Kiro caught the staff awkwardly. "That's it? Seems easy."

Her smile was thin. "We'll see."

She came at him fast.The first blow rattled his arms; the second nearly knocked the staff from his grip.

"Eyes on me," Ara barked. "If your focus wavers, you lose."

Kiro gritted his teeth, blocking strike after strike. At first, he could track her movements… but the golden web shimmered faintly in his vision. The temptation to reach for it pulsed in his skull.

Just one thread… just to slow her down…

He shook it off—too late.Ara swept his legs. He hit the ground with a thud.

"That's a fail," she said. "Again."

They repeated it. Again. Again. Each time, the urge to pull at her mind grew stronger, especially when she pressed him harder, faster.
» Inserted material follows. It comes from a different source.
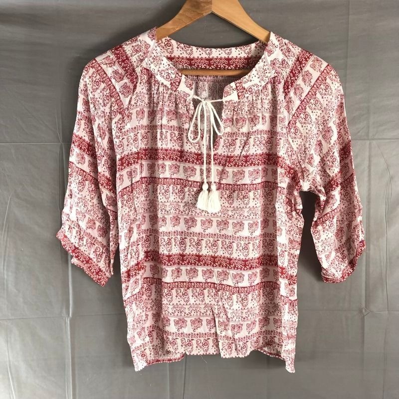 スマートピンク smart pink カットソー 七分袖 リボン タッセル アラベスク柄 ボタン袖 白 赤系 40サイズ 2025071600162 收藏

By the eighth round, his muscles burned and sweat stung his eyes.

"You're thinking about it," she said between strikes. "Stop thinking about it."

"Easy for you to say!" he snapped.

She shoved him back, hard. "Kiro, if you lose control in a real fight, you could end up bending the wrong mind—or mine."

That stopped him cold. The idea of forcing Ara against her will was… wrong in a way that made his stomach knot.

They started again. This time, he forced himself to ignore the glimmer of threads completely, focusing only on the sound of her movements, the weight of the staff in his hands, the grit of the ground under his feet.

For a while, it worked. He blocked three strikes in a row, even managed to counter.

But then she feinted—his reflexes screamed for an edge—and the thread flared in his vision.

Without meaning to, he pulled.

Ara froze mid-swing. Her eyes went blank, the staff lowering.

Kiro's breath caught. "No, no, no—" He dropped the thread instantly.

She staggered back, shaking her head like she'd just woken from a bad dream.

"Was that—" she began.

"Yes," he said quickly. "I didn't mean to."

Her gaze was sharp. "That's exactly why we're here."

Kiro ran a hand through his hair, the helmet under his arm. "I can't—when it's right there, it's like trying not to breathe."

Ara's voice softened. "Then we make it harder. If you can resist me, you can resist anyone."

They went again, and again, until the stars faded into pale dawn. By the end, Kiro could barely stand. But for the last three rounds, he hadn't touched a single thread.

Ara tossed him a waterskin. "Better. Still dangerous. But better."

Kiro took a long drink. "So what's next?"

"Next," Ara said, glancing toward the rising sun, "we find out what the Black Division really wants with you."